Background and study aims
Excessive bleeding after childbirth (postpartum haemorrhage, PPH) is a common and potentially serious problem affecting 1 in 20 women. Each year it causes 75,000 deaths worldwide. It also causes weakness from anaemia, delayed recovery, psychological trauma, and poor breastfeeding and bonding with their baby. Oxytocin is recommended as first line treatment for PPH as it is low cost, effective and has very few side effects. However, the PPH rate is increasing; laboratory studies suggest that repeated use of oxytocin leads to reduced effectiveness. Carboprost is an alternative treatment and there is evidence that it is more effective than oxytocin, but it is usually reserved for second/third line treatment due to side effects of diarrhoea and vomiting and its cost.
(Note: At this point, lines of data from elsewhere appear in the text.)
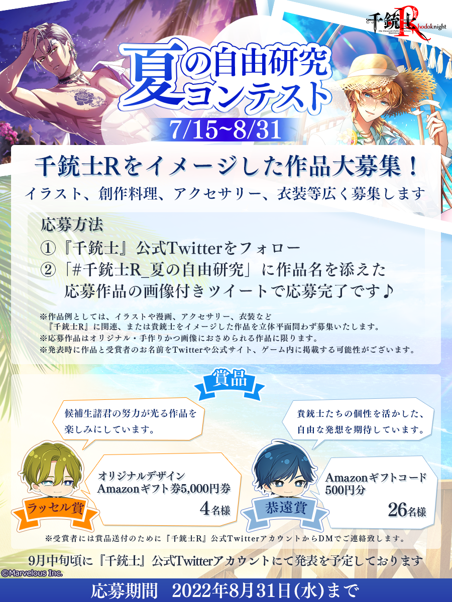 株式会社マーベラス(代表取締役社長:佐藤 澄宣/所在地:東京都品川区)による、スマートフォンゲーム『千銃士:Rhodoknight』(読み:せんじゅうし ろーどないと 以降、『千銃士R』)は、ゲーム内外で開催中の夏休みスペシャルキャンペーンの第3弾として、Twitterにて「千銃士R をイメージしたオリジナル・手作り作品」を募集する「千銃士R 夏の自由研究コンテスト」を開始いたしました。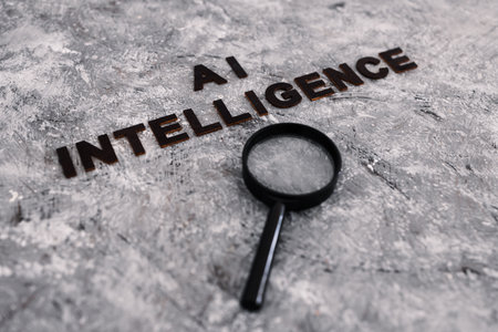 AI intelligence text with magnifying glass analysing it, concept of machine learning and generative technology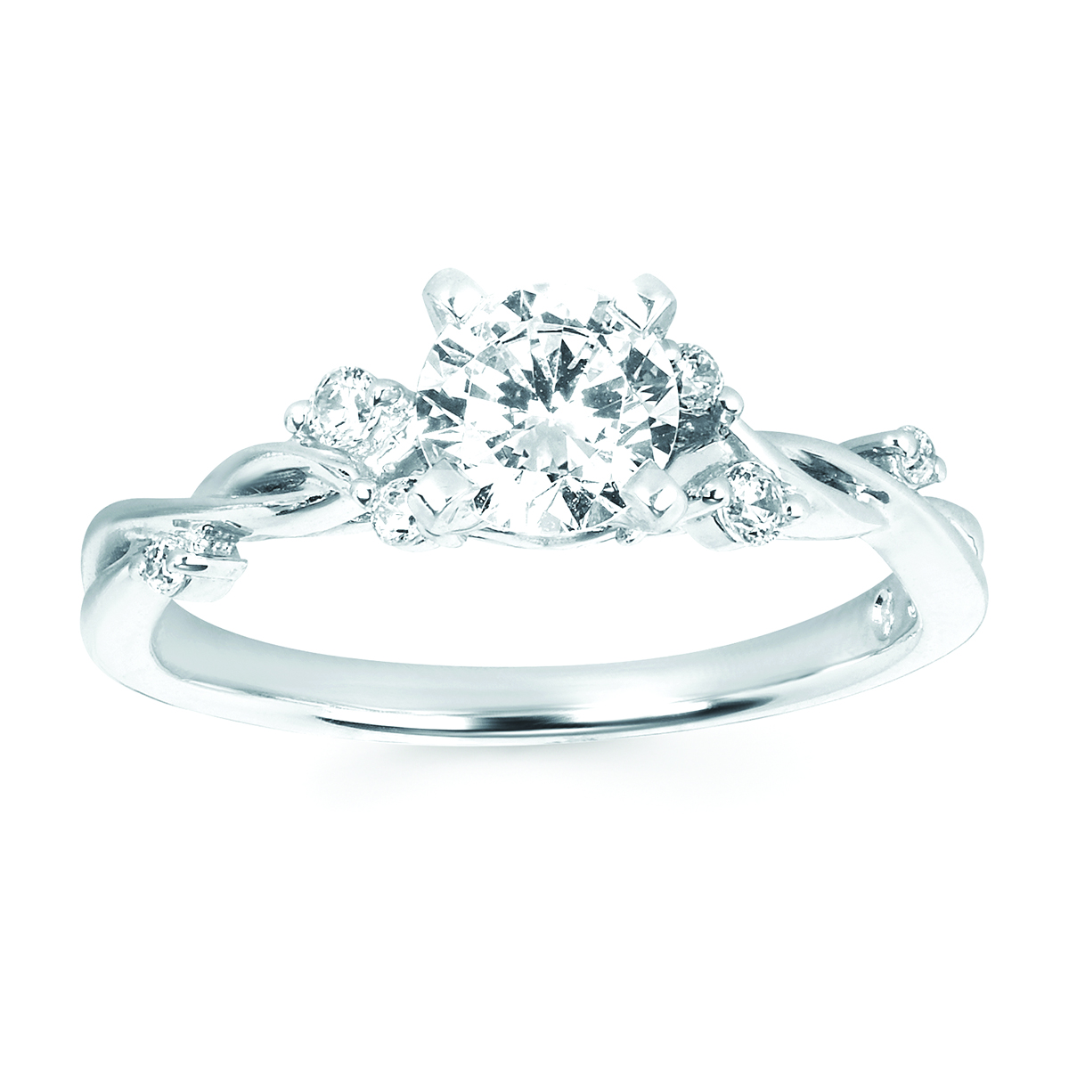 Engagement Ring Forever ElegantĀ® 1/10 Ctw. Diamond Semi Mount shown with 3/4 Ct. Round Center Diamond in 14K Gold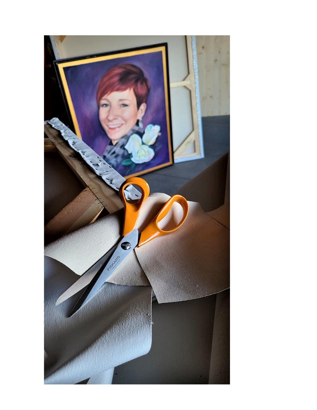 Being a small nonprofit means that we have a tiny budget. Because of this, we hand-make all our canvas frames and cut and stretch our own canvas. We buy our pine locally and custom cut it to the 30”x 40”size that all our portraits are painted on. Then, we purchase huge rolls of canvas. Canvas is a thick, coarse fabric. This is where our Fiskars scissors becomes our main tool. Fiskars scissors are able to stay sharp and keep an edge while cutting the hundreds of yards of canvas we need to keep making the portraits that we paint.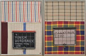 Erik Robert Hansen. Kompositioner, mixed media opklæbet på plade, usign., 84 x 64 cm inkl. ramme. (2) Denne vare er en del af temaauktionen over effekter hidrørende fra boet efter Erik Robert Hansen, tidligere indehaver af Hansens værtshus i Odense. Byd på samlerobjekter, franske industrilamper, emalieskilte, reklamegenstande, kunst , vin og møbler.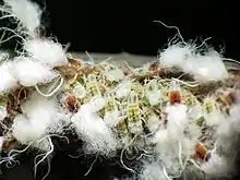 Eriosomatinae es una subfamilia de pulgones que viven de la savia de las plantas y producen una secreción algodonosa, blanquecina, hecha de cera. Los adultos son alados y pueden emigrar a otras plantas donde depositan masas de huevos. Las ninfas y adultos están protegidos contra los predadores por la masa algodonosa que los cubre. En vuelo tienen la apariencia de una pelusa flotante. Son del hemisferio norte.[2]
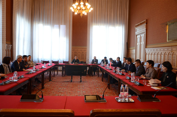 在匈牙利期间,代表团与匈牙利贸易促进局、投资经贸署进行座谈交流,受到匈中友好协会经济分会联席主席米可·山道尔先生以及贸易促进局和投资经贸署相关负责人的热情接待。米可·山道尔先生代表匈方诚挚欢迎南京代表团的到来,并介绍了匈中建交70年来经济、文化等各方面的友好合作交流情况,也介绍了匈牙利贸易促进局、投资经贸署的基本情况。

The aim of this study is to compare the two drugs, carboprost and oxytocin, currently used to treat PPH, to find out whether it is better to use carboprost or oxytocin as the first drug for treatment for PPH.
Who can participate?
Women aged 16 and over with PPH
What does the study involve?
Participants are randomly allocated to one of two groups. Two injections are administered. One group receives carboprost and placebo (dummy drug) and the other group receives oxytocin and placebo (dummy drug). There are no extra clinic visits required. Data is collected from medical records. Each participant is followed up 24 hours and 4 weeks later to complete a questionnaire and collect information regarding their healthcare resource use and quality of life. Paper follow-up documents are posted to the homes of participants for their completion
What are the possible benefits and risks of participating?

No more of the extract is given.